[SUPPLIED INFORMATION Boundary: Start]

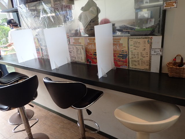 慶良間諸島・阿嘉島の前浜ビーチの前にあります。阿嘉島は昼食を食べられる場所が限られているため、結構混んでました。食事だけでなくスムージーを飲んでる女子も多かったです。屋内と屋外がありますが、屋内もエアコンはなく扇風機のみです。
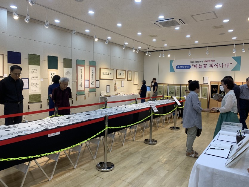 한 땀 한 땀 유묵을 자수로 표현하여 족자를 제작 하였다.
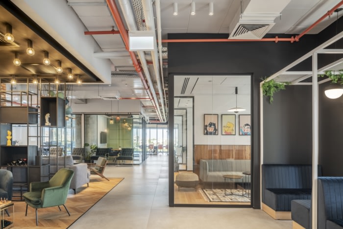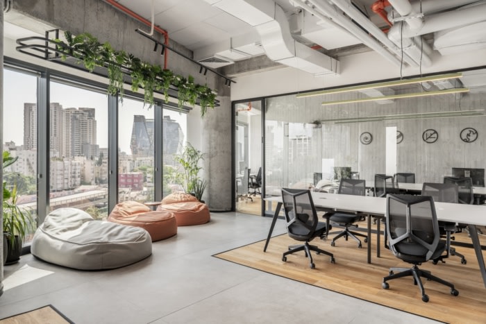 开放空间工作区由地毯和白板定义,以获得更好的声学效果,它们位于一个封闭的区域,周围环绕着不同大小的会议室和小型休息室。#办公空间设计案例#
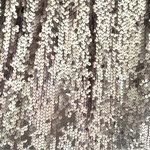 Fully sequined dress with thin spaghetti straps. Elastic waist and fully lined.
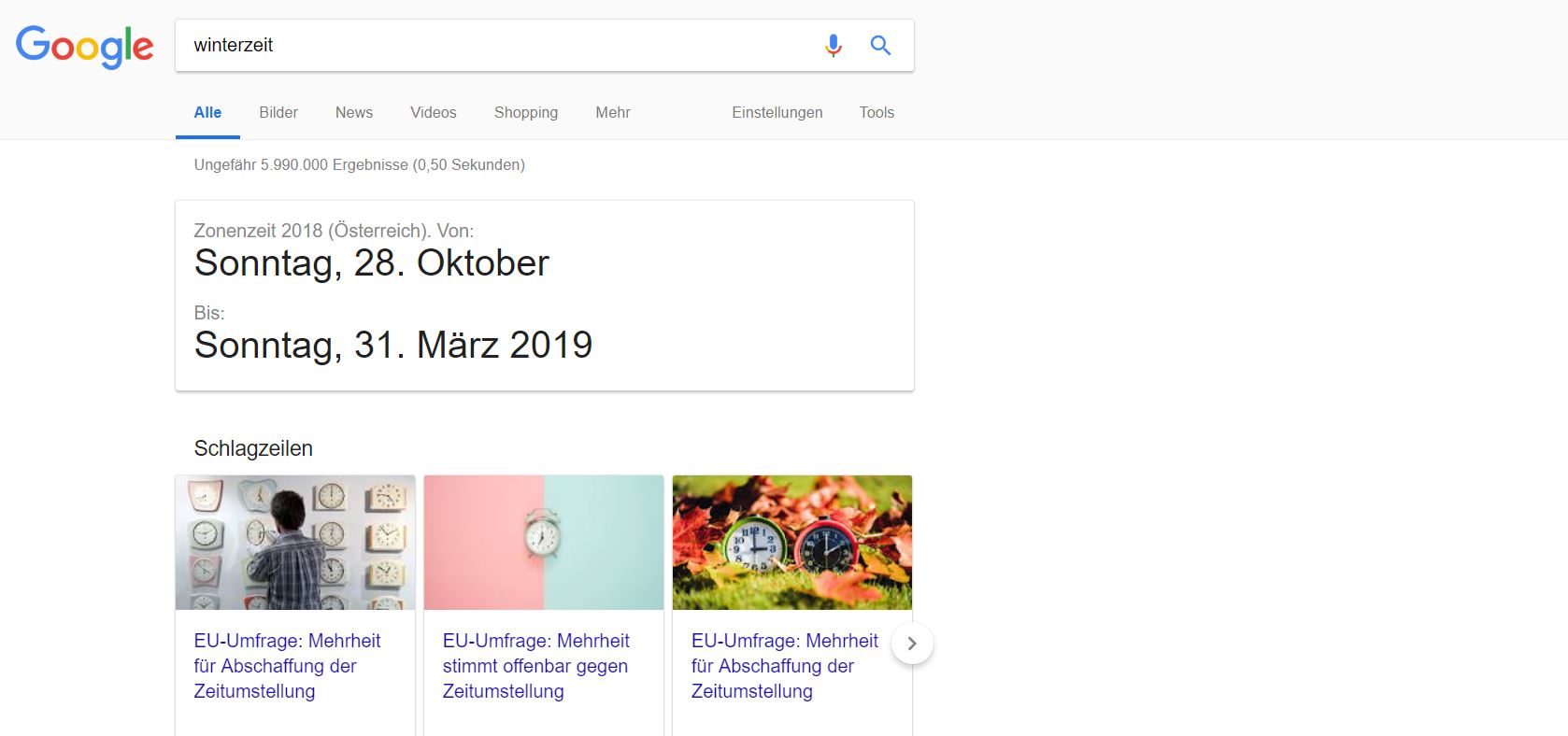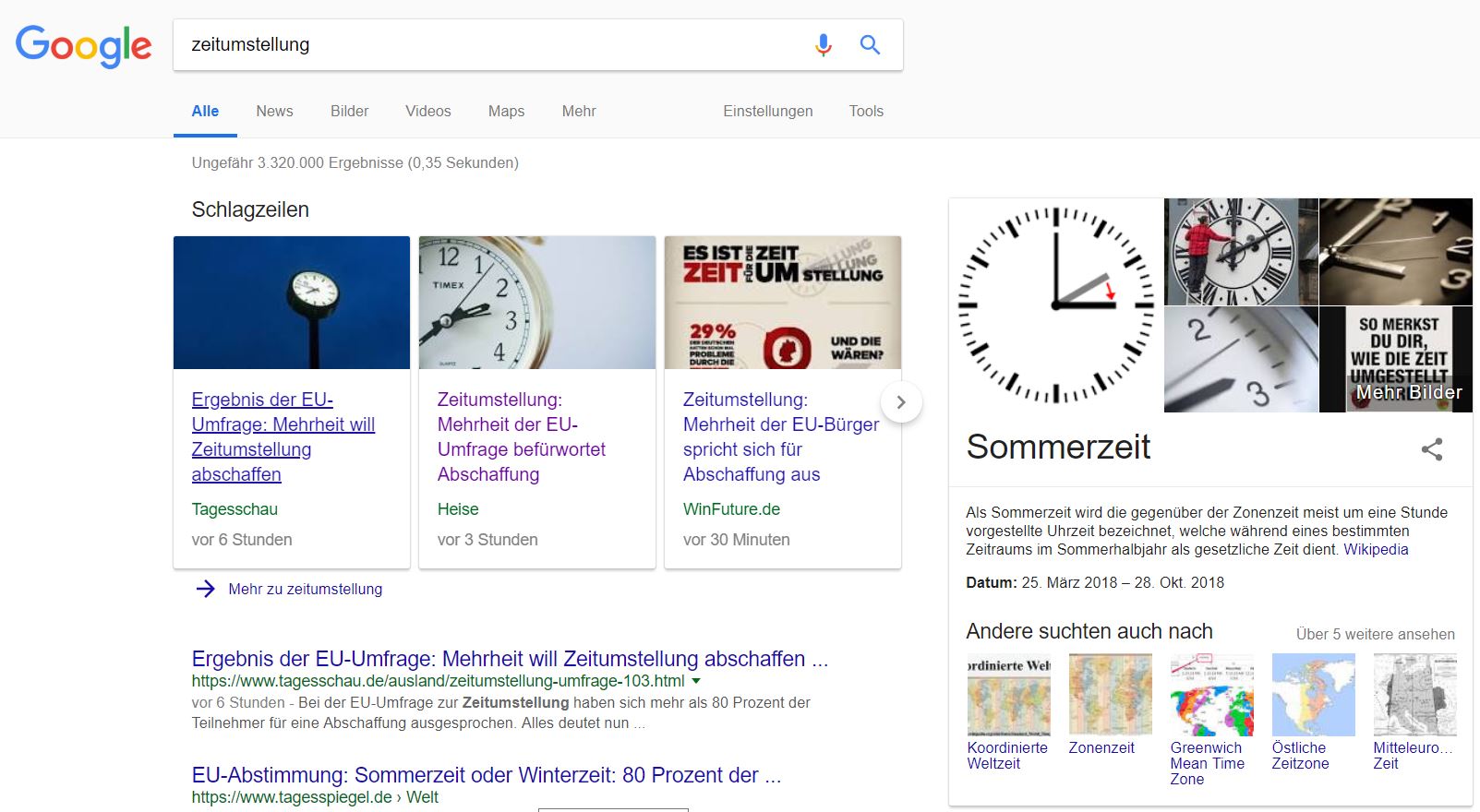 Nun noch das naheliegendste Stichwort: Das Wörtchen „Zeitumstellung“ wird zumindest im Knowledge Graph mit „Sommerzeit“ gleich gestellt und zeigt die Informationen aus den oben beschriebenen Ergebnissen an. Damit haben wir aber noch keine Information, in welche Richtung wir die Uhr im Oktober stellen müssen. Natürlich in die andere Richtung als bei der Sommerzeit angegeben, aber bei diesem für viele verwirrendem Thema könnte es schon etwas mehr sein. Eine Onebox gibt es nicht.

[SUPPLIED INFORMATION Boundary: End]

WHAT IS EXPECTED: Copy each record exactly. Leave any images out of the copy.

COMPLETED TASK:
 慶良間諸島・阿嘉島の前浜ビーチの前にあります。阿嘉島は昼食を食べられる場所が限られているため、結構混んでました。食事だけでなくスムージーを飲んでる女子も多かったです。屋内と屋外がありますが、屋内もエアコンはなく扇風機のみです。
 한 땀 한 땀 유묵을 자수로 표현하여 족자를 제작 하였다.
 开放空间工作区由地毯和白板定义,以获得更好的声学效果,它们位于一个封闭的区域,周围环绕着不同大小的会议室和小型休息室。#办公空间设计案例#
 Fully sequined dress with thin spaghetti straps. Elastic waist and fully lined.
 Nun noch das naheliegendste Stichwort: Das Wörtchen „Zeitumstellung“ wird zumindest im Knowledge Graph mit „Sommerzeit“ gleich gestellt und zeigt die Informationen aus den oben beschriebenen Ergebnissen an. Damit haben wir aber noch keine Information, in welche Richtung wir die Uhr im Oktober stellen müssen. Natürlich in die andere Richtung als bei der Sommerzeit angegeben, aber bei diesem für viele verwirrendem Thema könnte es schon etwas mehr sein. Eine Onebox gibt es nicht.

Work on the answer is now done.